Retype the lines below exactly, but only those from the line that has "小编有话说:扫描下方二维码,关注【台州本" through the line that has "Светодиодный модуль имеет". Omit every picture.

DATA FOR THIS EXERCISE
-- Opening Marker --

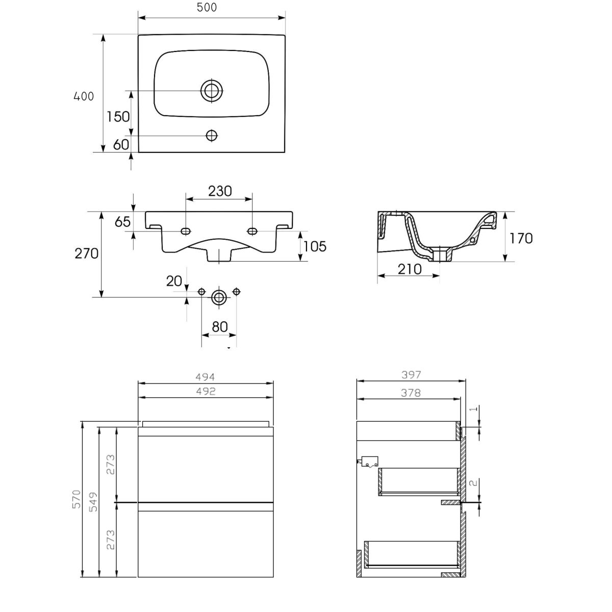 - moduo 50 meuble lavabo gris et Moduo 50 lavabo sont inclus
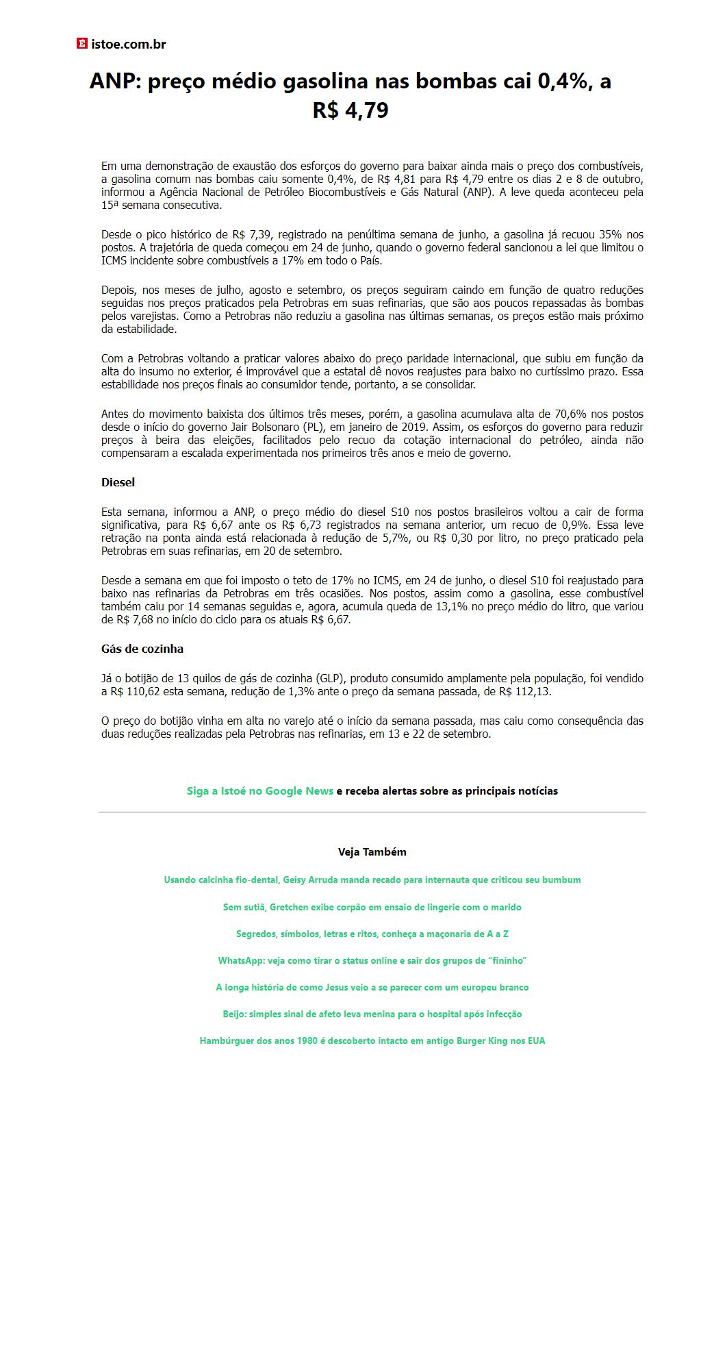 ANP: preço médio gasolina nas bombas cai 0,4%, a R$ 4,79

-- Closing Marker --
-- Opening Marker --

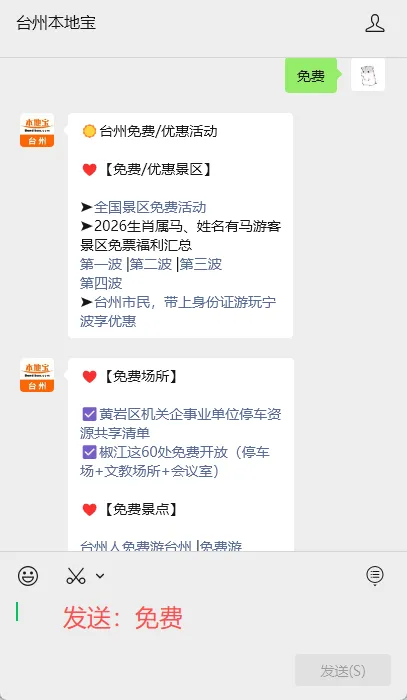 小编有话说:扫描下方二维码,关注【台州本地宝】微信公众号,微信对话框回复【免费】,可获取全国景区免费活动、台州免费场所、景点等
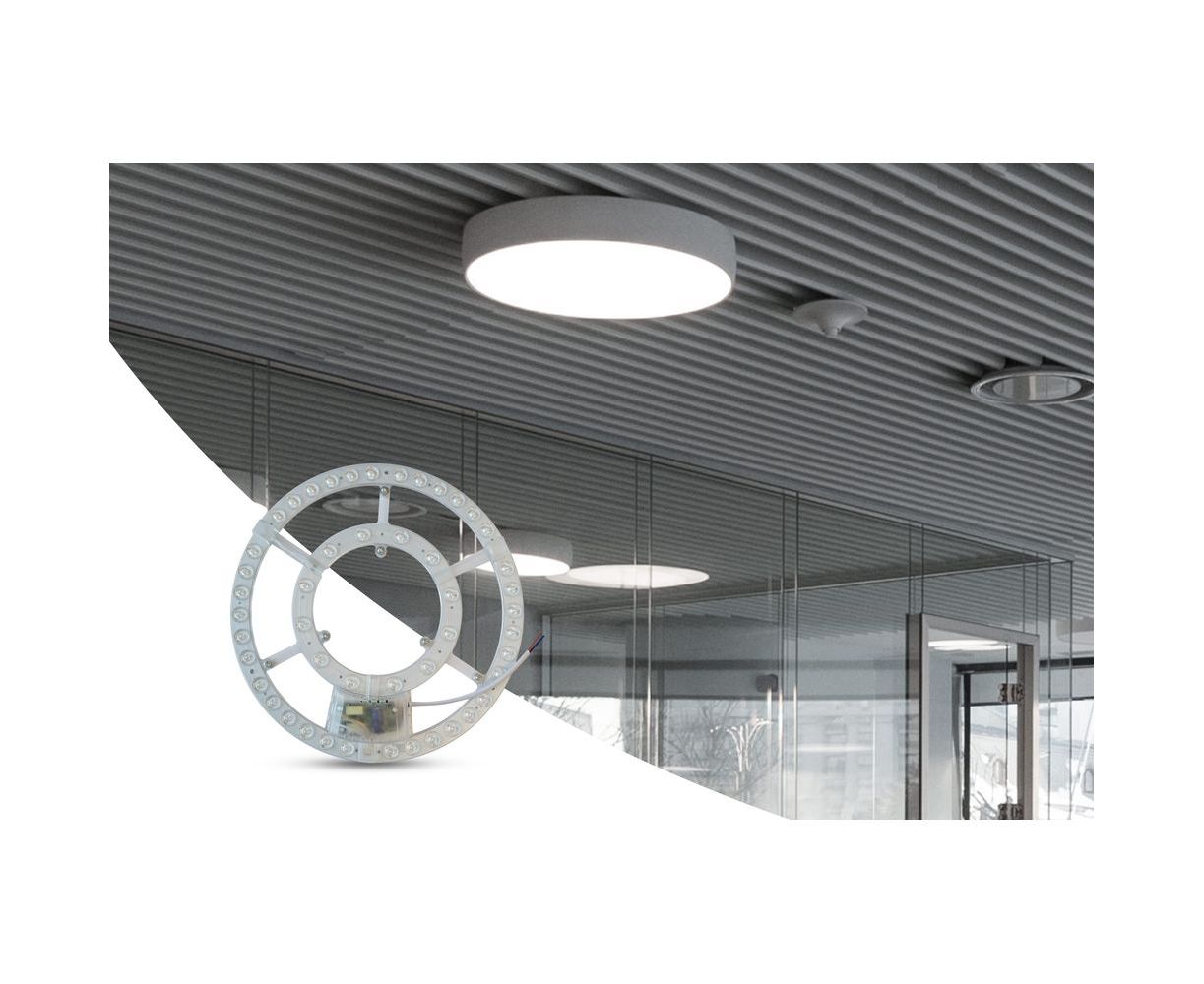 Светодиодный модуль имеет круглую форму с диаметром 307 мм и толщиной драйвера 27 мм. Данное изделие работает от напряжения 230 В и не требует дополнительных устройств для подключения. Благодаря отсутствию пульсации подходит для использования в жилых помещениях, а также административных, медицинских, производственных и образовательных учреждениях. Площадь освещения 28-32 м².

-- Closing Marker --

ANSWER BELOW
 小编有话说:扫描下方二维码,关注【台州本地宝】微信公众号,微信对话框回复【免费】,可获取全国景区免费活动、台州免费场所、景点等
 Светодиодный модуль имеет круглую форму с диаметром 307 мм и толщиной драйвера 27 мм. Данное изделие работает от напряжения 230 В и не требует дополнительных устройств для подключения. Благодаря отсутствию пульсации подходит для использования в жилых помещениях, а также административных, медицинских, производственных и образовательных учреждениях. Площадь освещения 28-32 м².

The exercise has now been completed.